Lack of effect of probiotic administration on plasma cytokine levels in our study is similar to that observed in several previous studies [43, 44]. Moreover, the cytokine responses may vary depending on the probiotic preparation used [45]. With preparations such as VSL#3, which contain a mixture of organisms, the stimulatory effect of some organisms may be cancelled out by the inhibitory effect of the other constituents [38]. Thus, future studies on effect of probiotics on immune responses may need to focus on individual probiotics, rather than their mixtures. Further, it is possible that the effect of probiotics on immune responses in healthy persons differs from that in various disease states. Such a difference could explain why we failed to find a change in immune responses following VSL#3, though some previous clinical studies have shown this preparation to be useful in some inflammatory conditions.

Probiotic administration did not lead to a change in the frequencies of Th1, Th2 or Treg cells in our subjects. In mouse, VSL#3 preparation has been shown to shift a Th2-polarized response to a Th1/Treg type response [46]. It is possible that normal Th1/Th2 homeostasis is not amenable to a change by probiotic administration; by contrast, in disease states such as IBD, where this ratio is disturbed, probiotics may help restore this balance towards normal.
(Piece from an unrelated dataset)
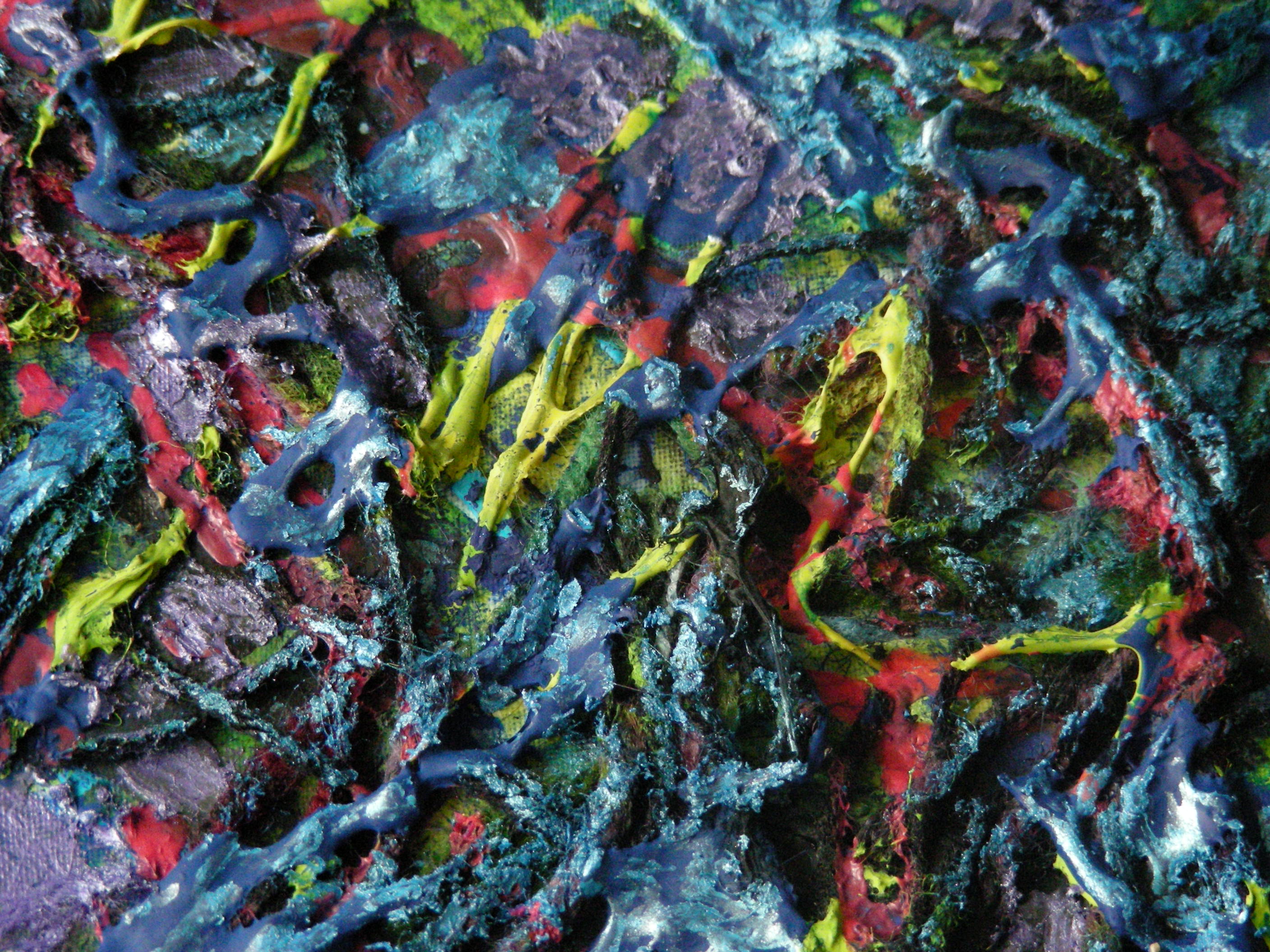 GEK MANNETJE acrylverf op klein doekje gedecoreerd met wollen draadjes geverfd met verschillende kleuren

A reduction in Th17 cells observed after probiotic usage, similar to that observed in our study, has also been reported in animal models and in colonic tissue from patients with IBD [47]. Intestine is rich in Th17 cells, which are known to secrete pro-inflammatory cytokines such as IL-6, TNF-α, IL-22 and IL-23 and play a role in the pathogenesis of IBD [47]. An imbalance in gut microbiota may lead to immune activation through an expansion of Th17 cells [48]. For instance, gut dysbiosis may provide an increased amount of TLR ligands, leading to activation of dendritic cells or monocytes to produce IL-6 and TGF-β, which may in turn mediate differentiation of Th17 cells.
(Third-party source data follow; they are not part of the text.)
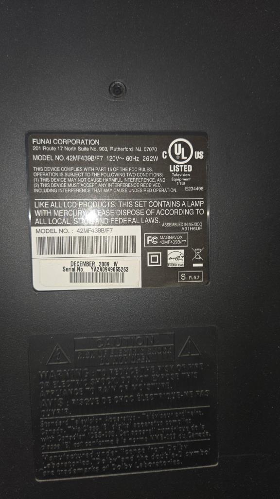 Get a great deal with this online auction presented by PropertyRoom.com on behalf of a law enforcement or public agency client. Model: 42/MF439B/F7 Screen Size: 42" Date of Manufacture: December 2009 Measurements: height 28", width 40", length 10" Base: yes Remote Control: no Power Cord: no Physical Condition: good, dirty, minor screen damage Testing Results: Item was tested for power only and it powered on, displayed menu. Input and output ports were not tested and may be non-functional. Item is sold "As Is".
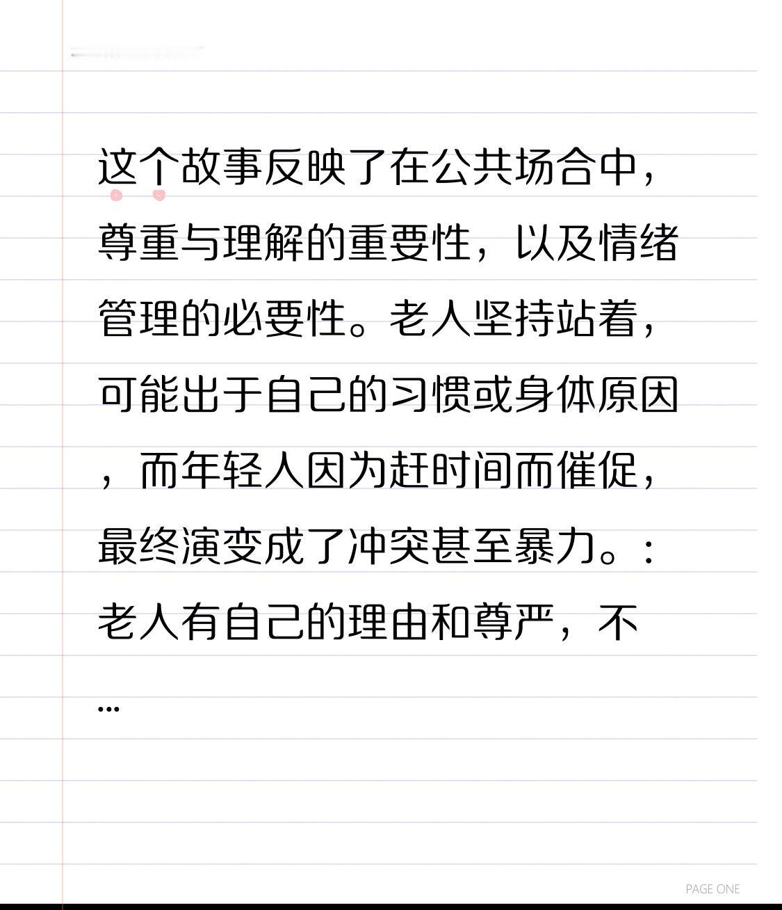 这个故事反映了在公共场合中,尊重与理解的重要性,以及情绪管理的必要性。老人坚持站着,可能出于自己的习惯或身体原因,而年轻人因为赶时间而催促:老人有自己的理由和尊严,不应轻易强迫他们做出改变。我们应以理解和耐心对待他们的行为。 面对不同的意见,平和的沟通比动手更能解决问题,也能维护社会的和谐。 冲动和暴力只会带来更多伤害,应学会控制情绪,用理性处理矛盾。 每个人都应遵守公共秩序,尊重他人权益,共同营造安全、文明的环境。 这个故事也提醒我们,每个人都应反思自己的行为,学会包容与理解,避免因小事引发不必要的冲突。照顾他人情绪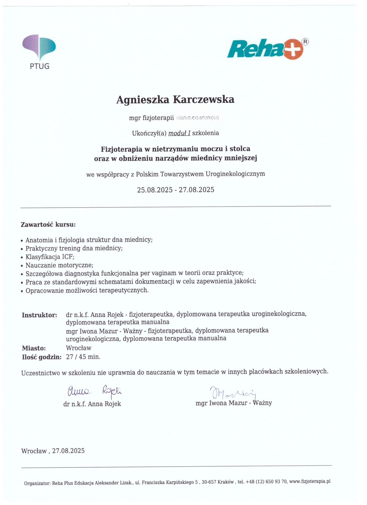 • Fizjoterapia Aga Karczewska • fizjoterapia uroginekologiczna •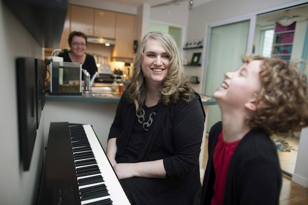 Clayre Sessoms and her seven-year-old daughter, Li, play the piano as her wife, Lisa Sessoms, prepares a snack at their condo in downtown Vancouver, B.C., on Saturday, Dec. 19, 2015.Rafal Gerszak
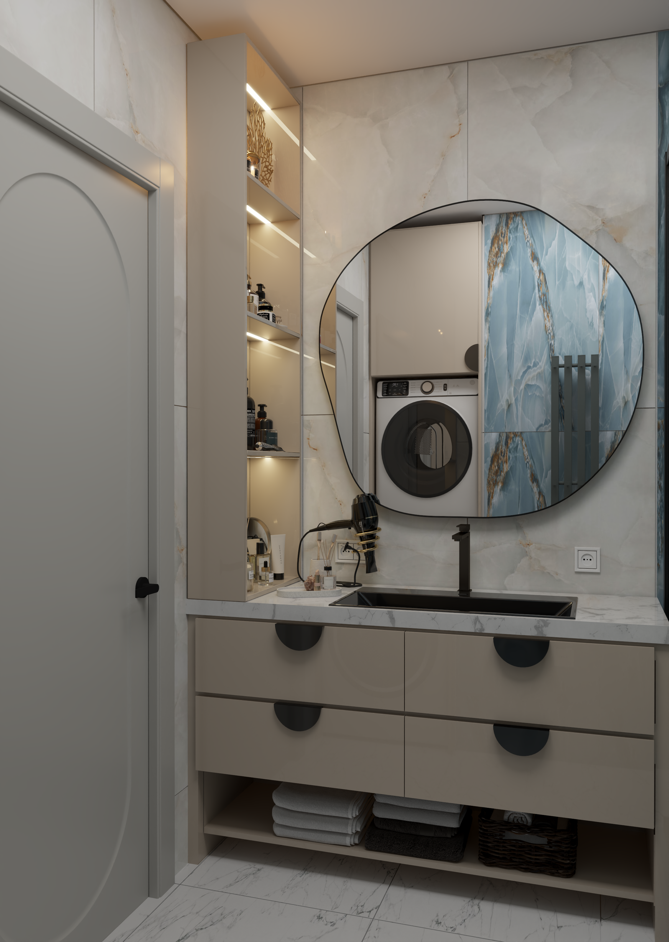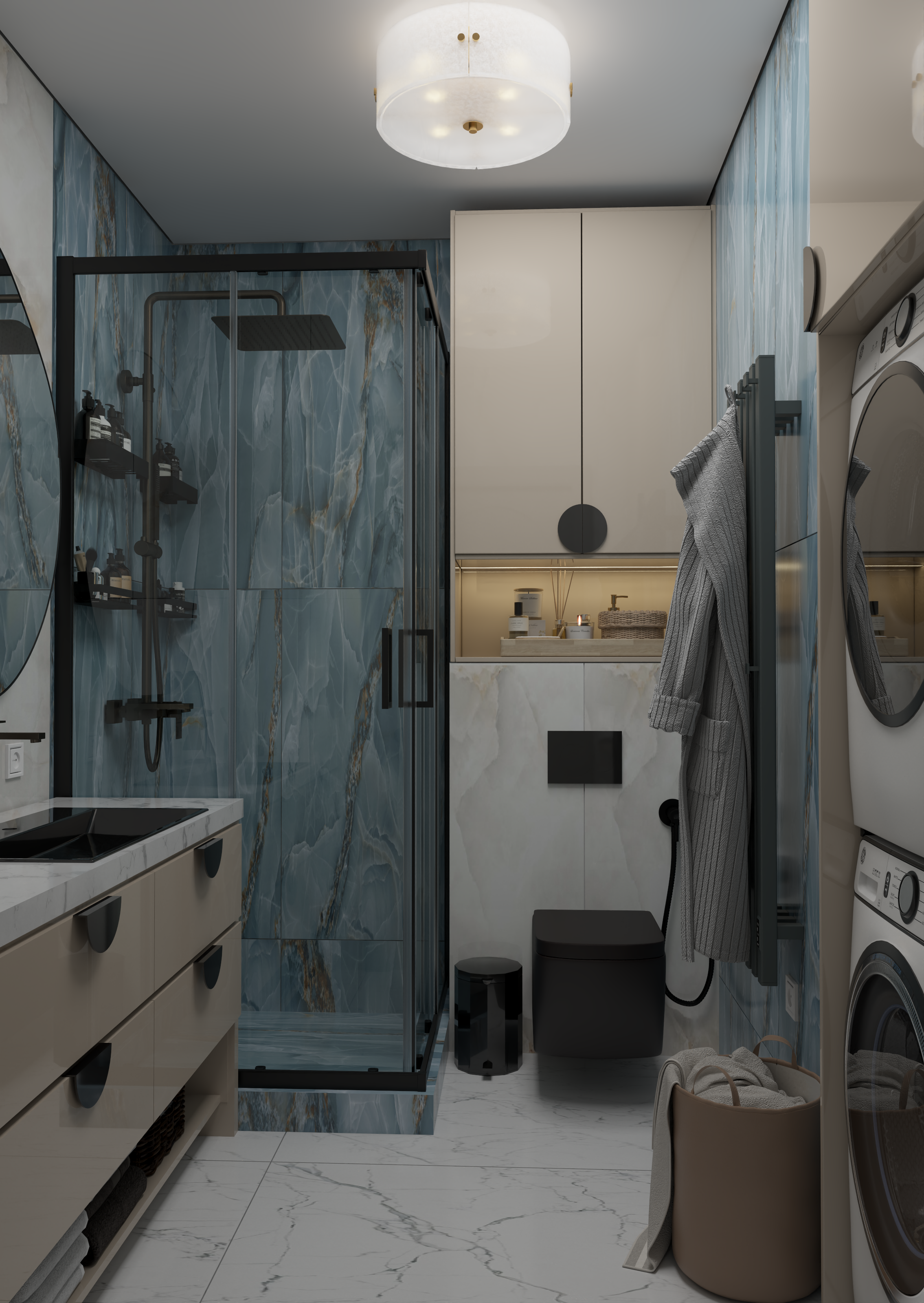 Комплектовать объекты мне помогают мои партнеры. Компания Аквамир, является одним из крупных и надежных поставщиков, поэтому мои объекты я комплектую с ними. Сначала подбираю все в салоне, затем составляем таблицу по комплектации, и готовим визуал. Так и работаем!

We did not observe any change in the frequency of Tregs after VSL#3 administration. By contrast, in patients with IBD, the use of probiotics that contain either one (such as Lactobacillus casei BL23 or Bifidobacterium infantis) or several (e.g. VSL#3) bacterial species, or of prebiotics (e.g. lactic acid) has been shown to increase the frequency of Treg cells [49, 50]. This difference could be related to the fact that probiotics restore the immune milieu towards normal in disease states, but have no effect when the milieu is healthy.
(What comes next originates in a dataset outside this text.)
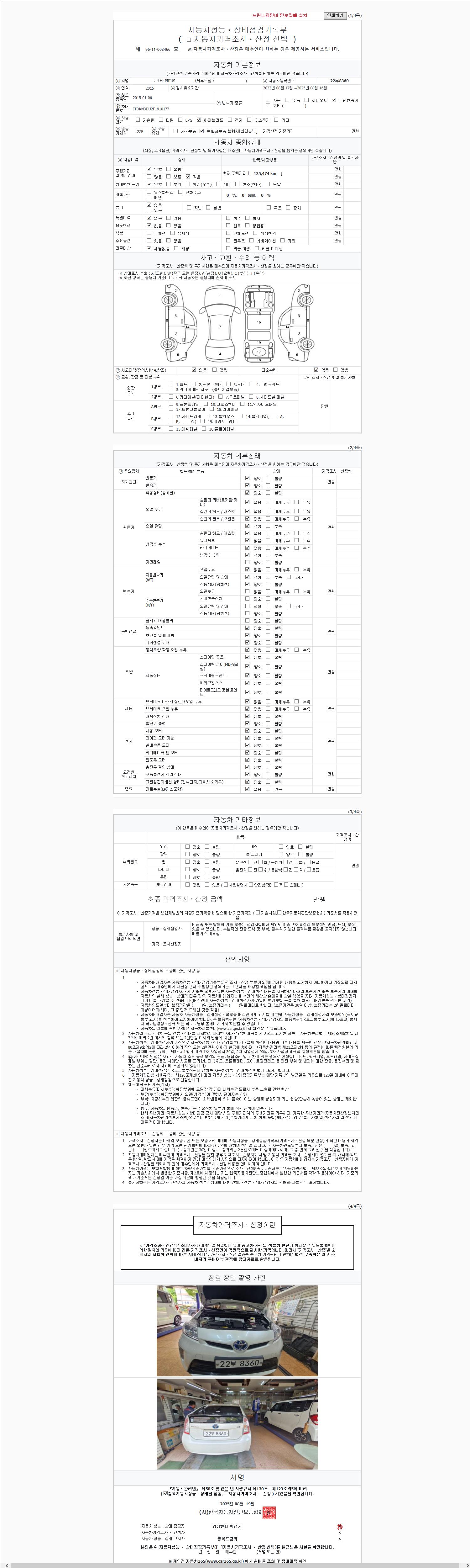 2. 차량 등록증이나 성능점검지 등을 상담자에게 요청및 확인하시고 사전에 미리 점검 하시기를 권유드립니다.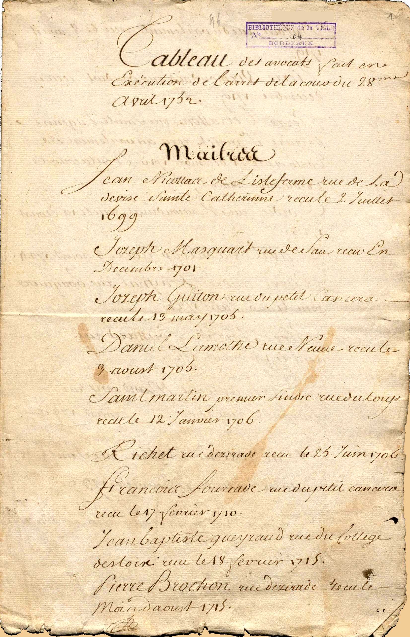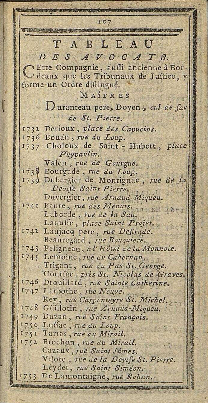 Jusqu'en 1790, la Compagnie des Avocats est déclarée aussi ancienne à Bordeaux que les tribunaux de justice et y former « un Ordre distingué ». 1802 1808

Our study has some limitations. First, gut microbiota are known to vary across geographical  regions, and with dietary habits, etc. Since we studied subjects in only one population group, it may be difficult to extrapolate our data to other population groups. Thus, further similar studies in other populations may be warranted. Further, our study included only young women. This was done to ensure homogeneity of the study subjects, and it is unlikely that this by itself would have influenced the effect of probiotic administration.

Conclusions

Overall, we found that administration of VSL#3 did not lead to any change in gut microbiota or in the frequencies of Th1, Th2 and Treg cells in healthy women. Hence, it is unlikely that this probiotic preparation can be used to induce changes in the composition of gut microbiota in healthy subjects. However, it led to a reduction in the frequency of Th17 cells and in the production of pro-inflammatory cytokine from monocytes. These immune changes may be involved in its beneficial effect in immunoinflammatory disorders.